(Beginning of SUPPLIED RECORDS)
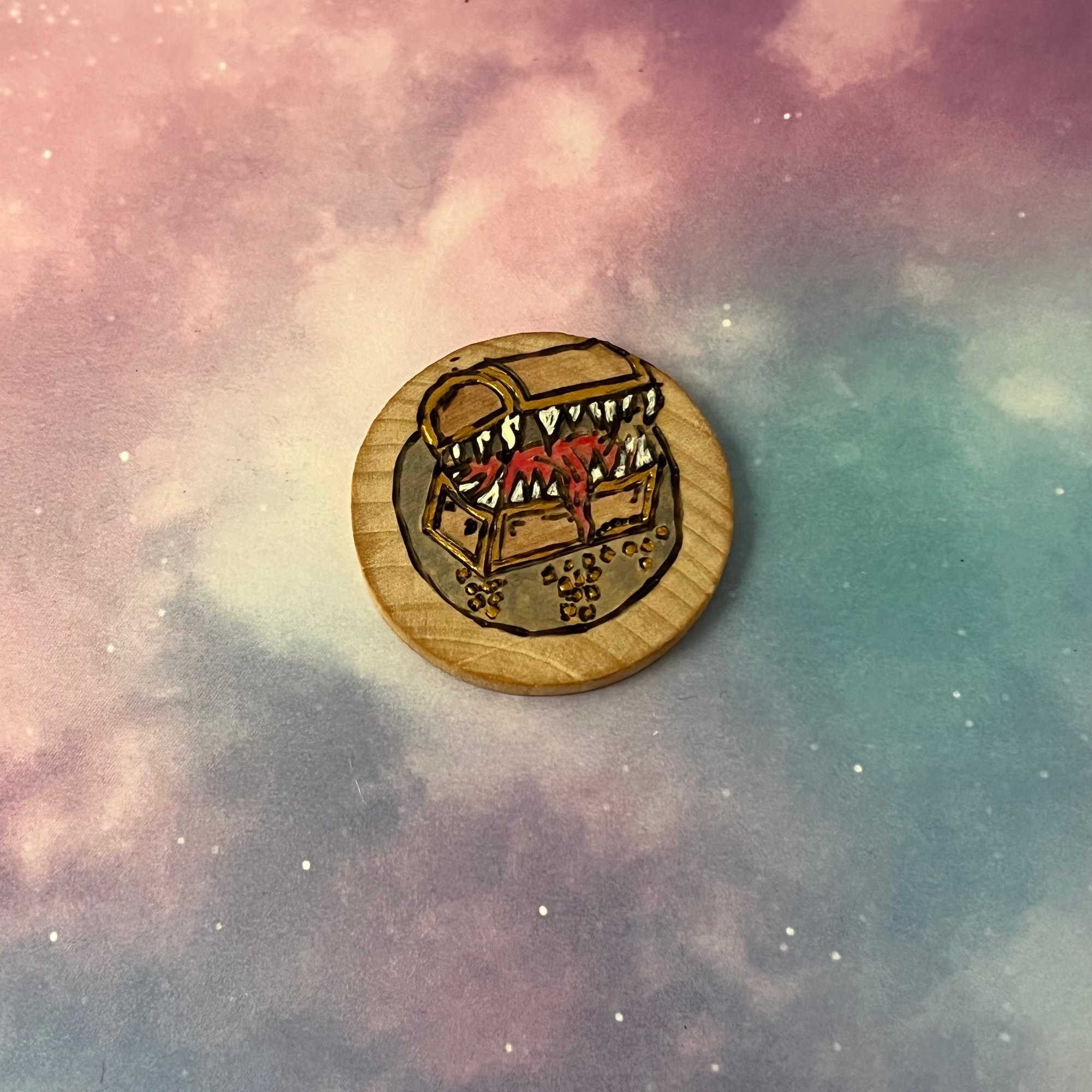 NOTE: design may vary slightly from picture as each coin is wood burned and stained by hand! Meaning there will be some slight variance in each coin.
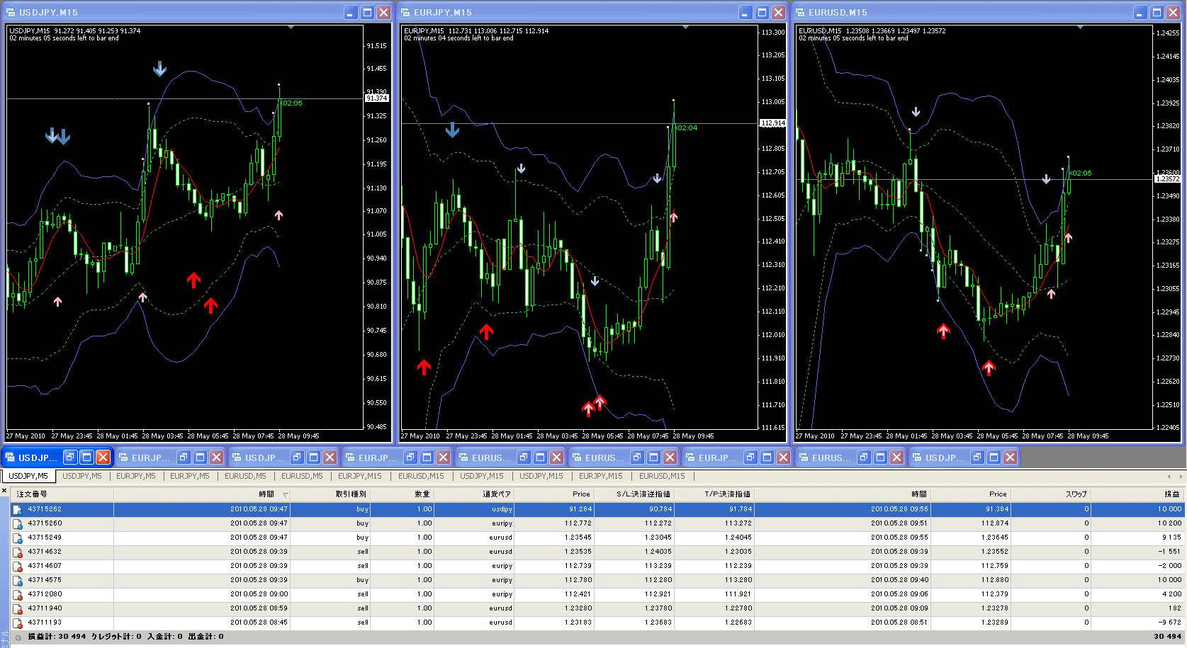 トレード結果(15分足でトレード)です。
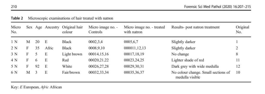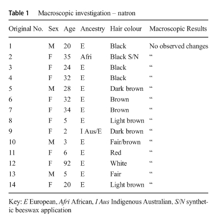 จากตารางที่ 1 เป็นการศึกษาเส้นผมโดยใช้ตัวอย่างที่เป็นผมของเชื้อชาติยุโรป(E), แอฟริกัน (Afri), ออสเตรเลียน (I Aus) และยังมีแบบผสมเส้นใยสังเคราะห์ (S/N) ซึ่งมีการเคลือบด้วยขี้ผึ้งประกอบ ทั้งหมดผ่านการหมักนาตรอนภายใต้สภาวะจำลองความร้อนและแห้งแบบทะเลทรายเป็นเวลา 40 วัน ก่อนจะนำมาส่องด้วยกล้อง Macroscopic
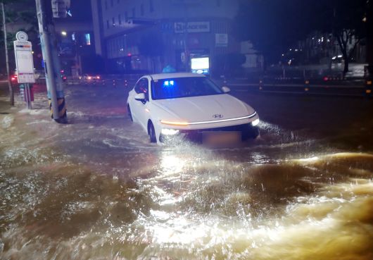 호우경보가 발효된 13일 오후 부산 사상구의 한 도로가 침수돼 택시가 힘겹게 이동하고 있다. |
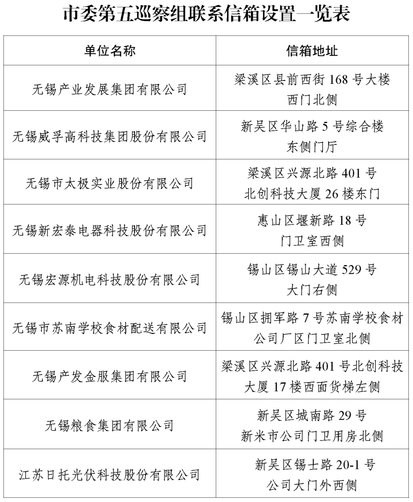 接洽信箱:无锡财产成长团体无限公司及局部全资、控股企业接洽信箱设置地点详见“市委第五梭巡组接洽信箱设置一览表”。
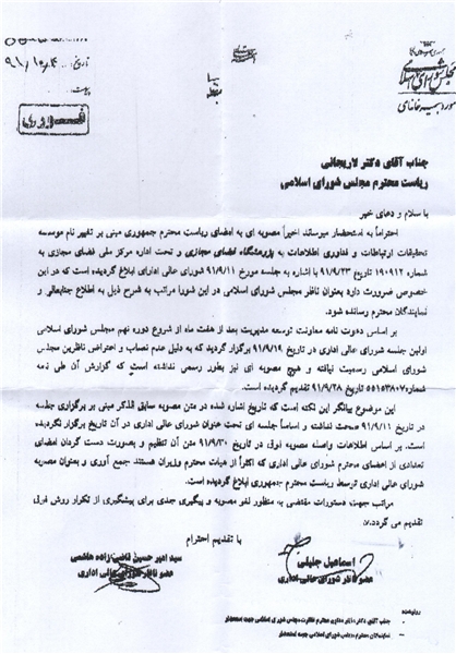 این نامه به امضای اسماعیل جلیلی و سید امیر حسین قاضی‌زاده هاشمی دو عضو ناظر مجلس در شورای عالی اداری رسیده است.
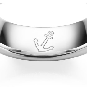 In der Regel gravieren wir hier Namen und Datum ein. Diese werden gerne mit einem dezenten Steinbesatz oder kleinen Herzen ergänzt.
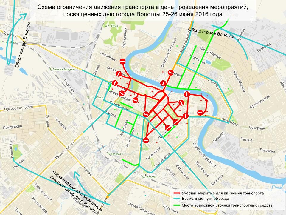 В Вологде на День города ограничат движение транспорта (СХЕМА)
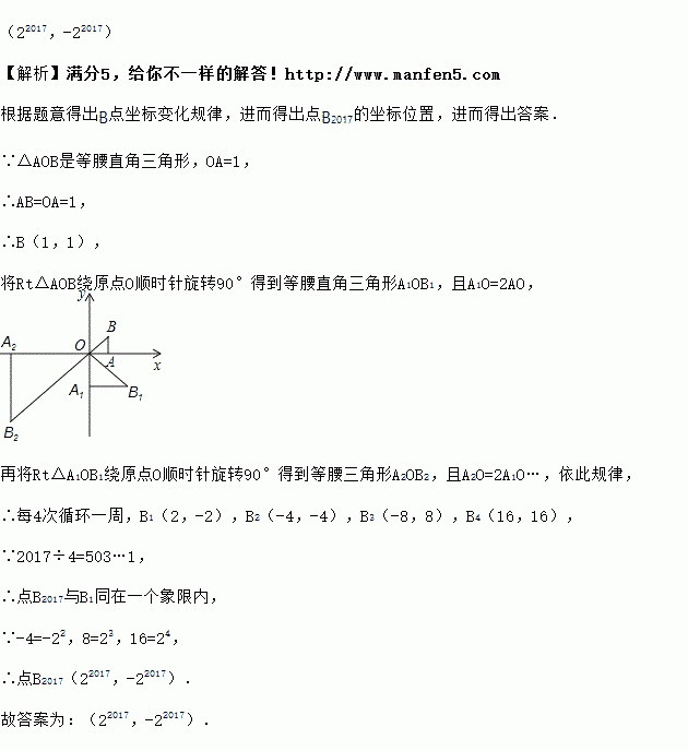 在平面直角坐标系xOy中,有一个等腰直角三角形AOB,∠OAB=90°,直角边AO在x轴上,且AO=1.将Rt△AOB绕原点O顺时针旋转90°得到等腰直角三角形A1OB1,且A1O=2AO,再将Rt△A1OB1绕原点O顺时针旋转90°得到等腰三角形A2OB2,且A2O=2A1O…,依此规律,得到等腰直角三角形A2017OB2017.则点B2017的坐标是____________.
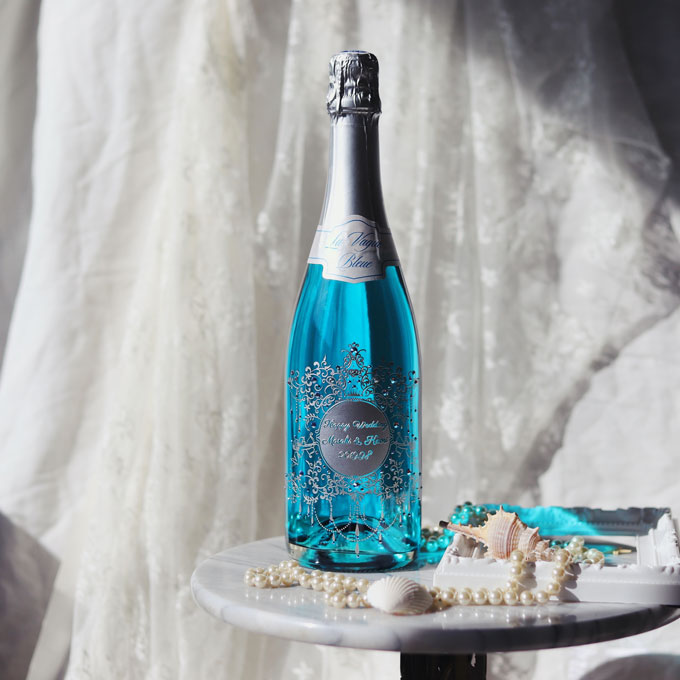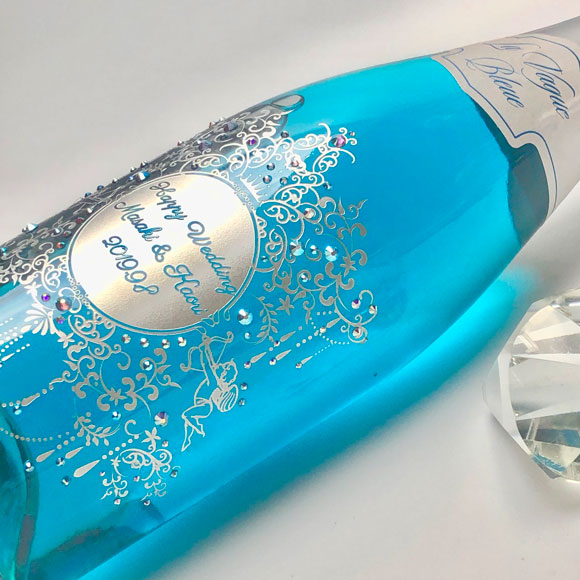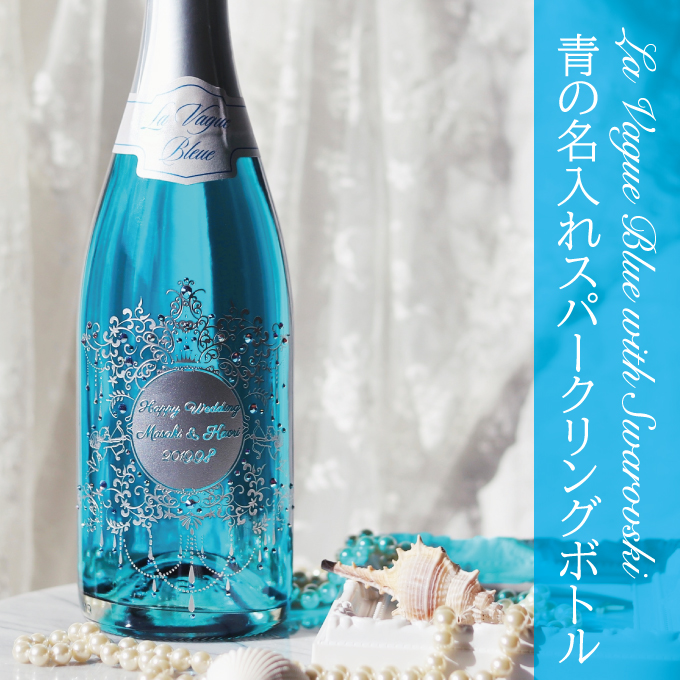 大口注文・法人のお問い合わせはこちら「ラ・ヴァーグ・ブルー」とは“青い波”の意味です。 フランスでは『幸せを呼ぶ青いボトル』と呼ばれ様々な祝事に利用されています。 ギフトサロンセリジエではこのボトルに細かな砂でひとつひとつ丁寧に彫刻し、スワロフスキーを装飾。 各記念日に感動を贈る美しいギフトです。 結婚式やお祝い事にぴったりの美しいブルーのスパークリングワインにクリスタルがきらめきます。
(End of SUPPLIED RECORDS)
TASK OBJECTIVE - Your output should be exactly the lines of the records above from the one with "在平面直角坐标系xOy中,有" through the last, both ends included, with pictures excluded.

EXERCISE SOLUTION -
 在平面直角坐标系xOy中,有一个等腰直角三角形AOB,∠OAB=90°,直角边AO在x轴上,且AO=1.将Rt△AOB绕原点O顺时针旋转90°得到等腰直角三角形A1OB1,且A1O=2AO,再将Rt△A1OB1绕原点O顺时针旋转90°得到等腰三角形A2OB2,且A2O=2A1O…,依此规律,得到等腰直角三角形A2017OB2017.则点B2017的坐标是____________.
 大口注文・法人のお問い合わせはこちら「ラ・ヴァーグ・ブルー」とは“青い波”の意味です。 フランスでは『幸せを呼ぶ青いボトル』と呼ばれ様々な祝事に利用されています。 ギフトサロンセリジエではこのボトルに細かな砂でひとつひとつ丁寧に彫刻し、スワロフスキーを装飾。 各記念日に感動を贈る美しいギフトです。 結婚式やお祝い事にぴったりの美しいブルーのスパークリングワインにクリスタルがきらめきます。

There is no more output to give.